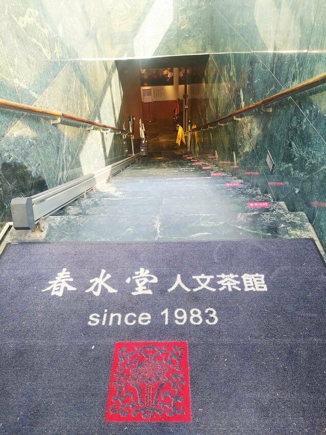沿著樓梯往下走即可抵達春水堂國美店,入口處的地毯還特別標明Since 1983
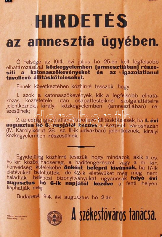 1914 Katonaszökevényeknek amnesztiát hirdető hirdetmény 45x60cm https://www.darabanth.com/de/84-Fernauktion/84.0/Andere-Sammelgebiete/~314/1914-Katonaszokevenyeknek-amnesztiat-hirdeto-hirdetmeny-45x60cm~II177869
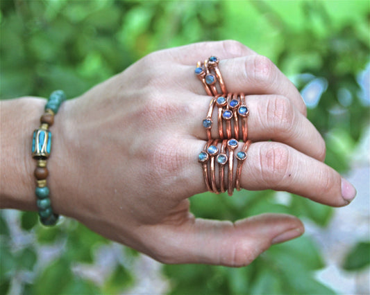 Raw Rainbow Moonstone Copper Ring | June Birthstone

----

- **WORK REQUEST**:
The expected output is the lines from the line that contains "1914 Katonaszökevényeknek amnesztiát" through the last line of the material, reproduced exactly, with both ends present and pictures absent.

- **OUTPUT OF THE EXERCISE**:
 1914 Katonaszökevényeknek amnesztiát hirdető hirdetmény 45x60cm https://www.darabanth.com/de/84-Fernauktion/84.0/Andere-Sammelgebiete/~314/1914-Katonaszokevenyeknek-amnesztiat-hirdeto-hirdetmeny-45x60cm~II177869
 Raw Rainbow Moonstone Copper Ring | June Birthstone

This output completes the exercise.